В своем очерке «Юмор» Пиранделло следующим образом поясняет это старое разграничение: если вы увидите старуху с крашеными волосами, нарумяненную и с намазанными губами и она покажется вам уморительно смешной, то стоит вам только призадуматься, как мысль о ней вызовет у вас грусть. Юмор в литературе подразумевает наличие обоих этих элементов, тогда как остроумие довольствуется только первым из них. Таким образом, остроумие и юмор не являются простыми противоположностями, поскольку юмор включает в себя остроумие. И все же комедия, в основе которой лежит юмор, может оказаться настолько непохожей на комедию, в основе которой лежит остроумие, что общие соображения о комедии не будут одинаково справедливы в отношении обеих.
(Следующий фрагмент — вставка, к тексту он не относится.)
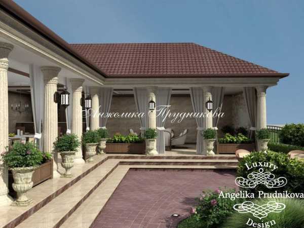 На фото: Веранда с колоннами и уличными фонарямиВеранда в итальянском стиле снаружи украшена классическими колоннами, старинными фонарями и вазонами с цветами. Декор, заимствованный у античности, добавляет архитектуре здания нотки классицизма.

Взять, к примеру, предложенное мною определение комедийной диалектики. Основной динамический контраст, согласно этому определению, — это контраст между легкомысленной манерой и мрачным содержанием. Тон комедии как бы говорит: жизнь — веселая забава. А полутон дает понять, что жизнь — это бедствие. Наиболее наглядно иллюстрирует это комедия того типа, в которой только опускающийся в финале занавес предотвращает наступление катастрофы.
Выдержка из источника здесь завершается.